Closed Bug 1027167 Opened 10 years ago Closed 8 years ago

Publish git-hg mappings to mapper by default from new vcs sync (would currently affect gecko-dev and gecko-projects)

Categories

(Developer Services :: General, task)

task
Not set
normal

Tracking

(Not tracked)

RESOLVED WONTFIX

People

(Reporter: pmoore, Assigned: hwine)

Details

(Whiteboard: [kanban:engops:https://mozilla.kanbanize.com/ctrl_board/6/1013] )

Attachments

(3 files)

At the moment, the action 'publish-to-mapper' is not in the list of default actions in vcs sync, and is only enabled in build/* repos via the config file, e.g.:
http://hg.mozilla.org/build/mozharness/file/0183ef99b9ea/configs/vcs_sync/build-repos.py#l108

Other than the build/* repos, the only other projects currently *in production* in the new vcs sync system are gecko-dev (also known as "beagle") and gecko-projects.

By adding 'publish-to-mapper' as a default action in vcs_sync.py, both of these vcs sync projects (gecko-dev and gecko-projects), together with any new projects that go live in the new vcs sync (most notably, l10n and gecko-git) can automatically publish to mapper.

The following changes would be required:

1) Add project names to mapper using mapper API

e.g. for each repository that has conversion mappings:

  * curl -d foo=bar -L -H "Authentication: Bearer ${RELENGAPI_INSERT_HGGIT_PROJECTS_AUTH_TOKEN}" "${mapper_url}/${project_name}"

where:
  * mapper_url=https://api-pub-build.allizom.org/mapper (staging) or https://api.pub.build.mozilla.org/mapper (production)
  * RELENGAPI_INSERT_HGGIT_PROJECTS_AUTH_TOKEN is the secret authentication key for the mapper environment
  * project_name is a unique name per mapfile-to-be-pushed (to be stored in the "projects" table of mapper mysql database)

2) Using this config file sample as a guide:
  * http://hg.mozilla.org/build/mozharness/file/0183ef99b9ea/configs/vcs_sync/build-repos.py#l35
add mapper config to all other config files under http://hg.mozilla.org/build/mozharness/file/tip/configs/vcs_sync - making sure that the project names used in step 1 match those used in this step.

2) Update default_actions to include 'publish-to-mapper' directly before 'push' (i.e. insert at line 91 if using the following version of vcs_sync.py):
http://hg.mozilla.org/build/mozharness/file/0183ef99b9ea/scripts/vcs-sync/vcs_sync.py#l91

3) Test gecko-dev, gecko-projects in staging, making sure mappings get published correctly.
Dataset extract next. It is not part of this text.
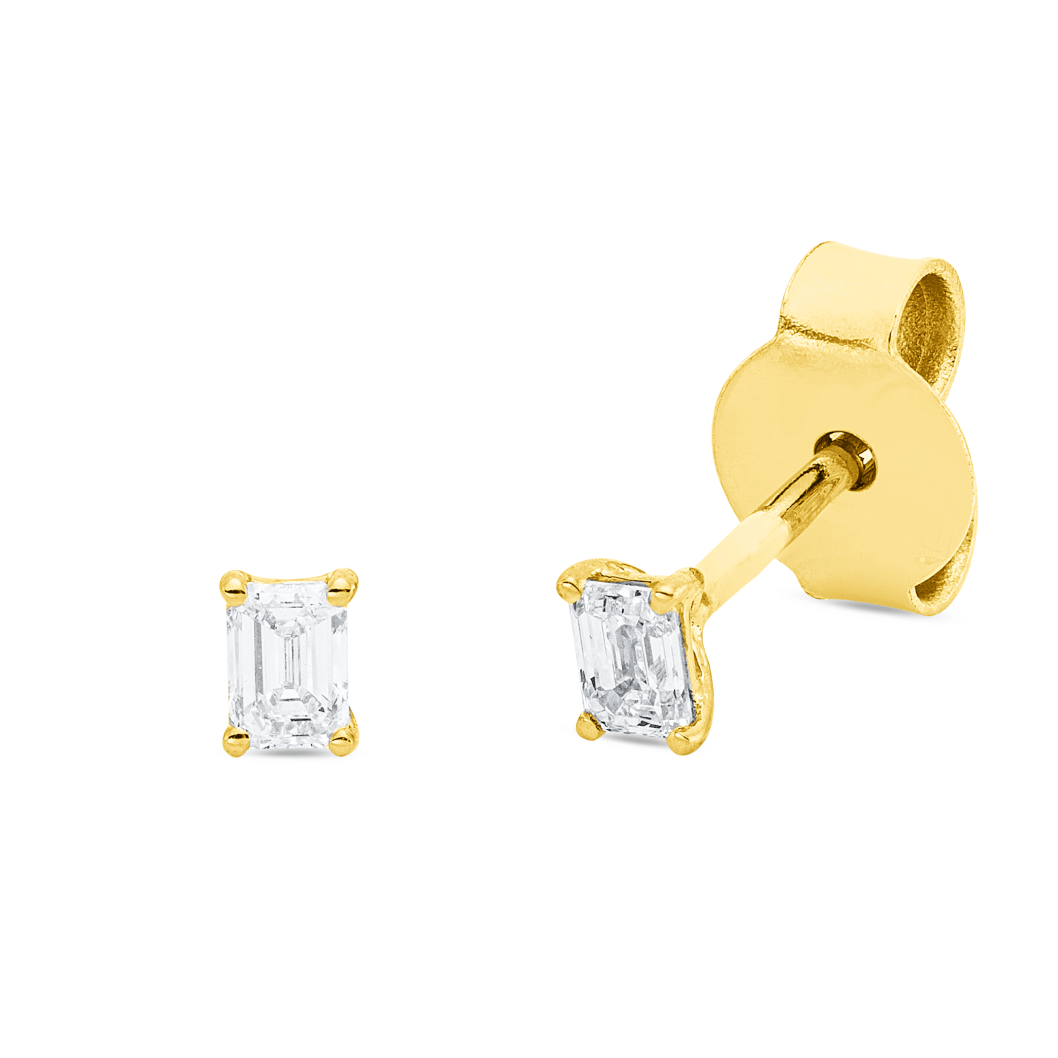 Solitaire Ohrstecker aus 750 Gelbgold 2 Diamanten Smaragd-Schliff 0,19ct TW-SI
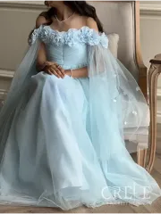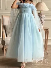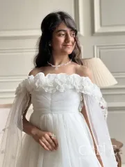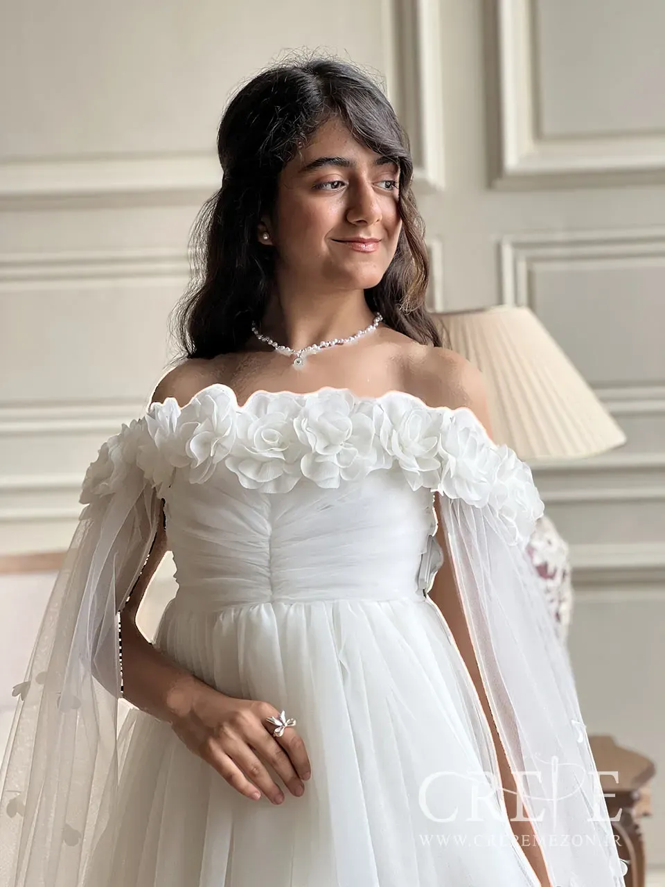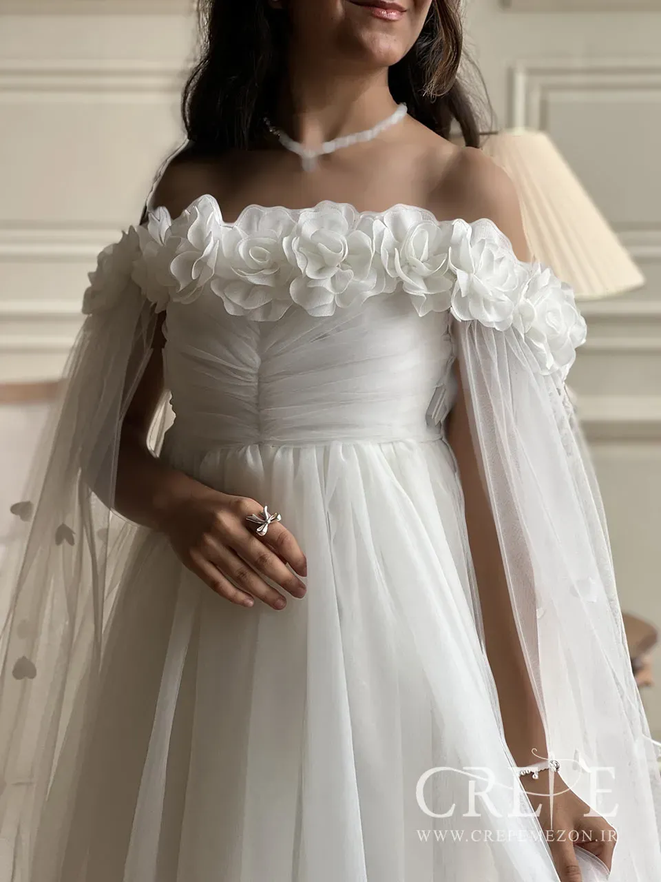 آستین های پیراهن در واقعه حلقه است ولی از قسمت روی بازو که در امتداد یقه است تور برای هم پوشش بازوها وزیباتر شدن کار دوخته شده که با گلبرگ ها دوخته شده زیباترشده

If all good, get code changes reviewed, r+'d, landed, and merged into production branch. Once it is merged to production branch, it will automatically be picked up by vcs sync production systems.

4) Monitor vcs sync email, to make sure it is all working ok, and validate that mappings have been added to production mapper successfully!

Please note, I also have this script, which I've used for testing the integrity of the mappings in the mapper database, which may be useful (or a slightly modified form for the new repos - currently just tests build/* repos):

https://github.com/petemoore/myscrapbook/blob/master/validate_mapper_database.sh

It checks the live git-hg mappings file against the results in the database, shows the md5 of the complete set of mappings per project for the raw file and the database results (so they should match) and displays a diff, if there is one, between the two. In other words, if you run it, and it shows no diffs, and the md5's match, you know the process is working ok - the raw map files on the vcs sync server match the results returned by mapper taken from its mysql database.

Please note, I'm not currently marking this bug as blocking Bug 799719 - "(vcs-sync) tracker to retire legacy vcs2vcs" since I don't believe the old vcs sync process is currently providing map files for gecko-dev and gecko-projects, so I *think* this is a feature enhancement. However, if legacy vcs sync is already taking care of this, then feel free to put this as a blocker for Bug 799719.

Thanks!
Pete
Aki - we can also do this together with create-git-notes action - maybe best to do both in one fell swoop?

If we decide to do that, we should also git pull from staging gecko-dev, staging gecko-projects and compare performance against the current production versions, to see if there is any performance impact, having the new notes (please note, by default, notes will *not* get pulled down - only if devs *explicitly* update their .git/config to add the refs/notes/commits refspec to their git fetch).
I think testing both makes sense.
I assume if we hit some big performance problem, we can delete all refs/notes/* in staging and keep testing without them?
There will be a number of cvs-based git shas in gecko* that have no corresponding hg sha... does your git notes code account for that?
fwiw, there are currently 127 repositories needing mapping services in the legacy system:
    $ repo_type 
    . is hg (http://hg.mozilla.org/users/hwine_mozilla.com/repo-sync-configs)
    $ grep yes */mapfile_needed | wc -l
        127

These are, roughly:
 - all hg->git l10n repos
 - all git->hg gaia mirrors
 - releases/gecko.git (the partner visible flavor of gecko)
(In reply to Aki Sasaki [:aki] from comment #2)
> I think testing both makes sense.
> I assume if we hit some big performance problem, we can delete all
> refs/notes/* in staging and keep testing without them?

Sure this will be no problem.

(In reply to Aki Sasaki [:aki] from comment #3)
> There will be a number of cvs-based git shas in gecko* that have no
> corresponding hg sha... does your git notes code account for that?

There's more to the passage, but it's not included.